Wednesday, November 25, 2009

Smelling the flowers at Thanksgiving

Thanksgiving is a time to slow down and reflect on all the good in our lives.

As I wonder about when I will follow in my deceased mother’s footsteps and develop Huntington’s disease, one thing I am most grateful for is the opportunity to spend time with my nine-year-old daughter.

She is our “miracle baby”; she tested negative for HD while still in the womb.

One of the keys to life – and especially to living with a gene-positive status for a devastating brain disease – is seizing the moment. Each moment is unique and will not return.

We must smell the roses – but also appreciate many other kinds of lovely scents and scenes nature and our lives have to offer.




One recent afternoon I decided to surprise my daughter by taking her to the San Diego Botanic Garden. The pictures you see here are hers.

My daughter loves seeds and plants. Shortly after she started to walk, at around ten months, I started to take her to a local park. There she discovered all kinds of plant parts to collect. I was her assistant. She learned to make “soup” with these interesting ingredients. Often we had to bring everything home for her to keep.

Two years ago I helped her with her first science fair project. She planted seeds and measured and graphed the growth rate of several species. This past year she studied pollution flowing into the Tijuana Estuary and the Pacific Ocean.



These days we still bring home sticks, pine cones, petals, and her beloved seeds.

I sometimes tell her she’s going to be a botanist.

For many years, my wife and I didn't talk about our daughter’s genetic test. After worrying so much about HD’s impact in so many aspects of our lives, we wanted to enjoy her without the disease’s ugly possibilities marring the one area of our life that was normal.



Lately, though, as she has matured, the consequences of our decision to have her tested have become powerfully present. She is free from HD.

A couple days ago my wife recalled how, before the genetic test, she had often felt the baby’s kicks and wondered whether we would continue with the pregnancy.
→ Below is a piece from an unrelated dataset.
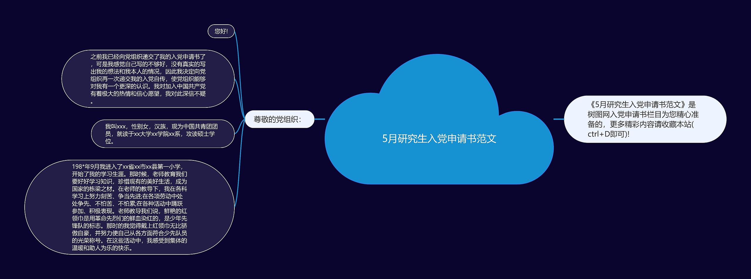 树图思维导图提供《5月研究生入党申请书范文》在线思维导图免费制作,点击“编辑”按钮,可对《5月研究生入党申请书范文》进行在线思维导图编辑,本思维导图属于思维导图模板主题,文件编号是:1b1b21ce3ec7d71541287727ad918c65

Had she tested positive, we would have contemplated an abortion, which we oppose on moral grounds but recognize as necessary in some cases.



Now, as she flowers like the beautiful plants that she loves to photograph, our daughter will soon start learning about her father’s gene-positive status.

Perhaps her budding interest in nature will help her comprehend and accept my own biological reality.

But that story is for another day. For now, I want to enjoy her photographs and her own beautiful life.


1 comment:

Confessions of a Mother, Lawyer & Crazy Woman said...

Hello - What a lovely post. I wanted to stop by and tell you I appreciate your blog. My father was just diagnosed w/ HD and I am trying to determine my future path and make sense of all of it.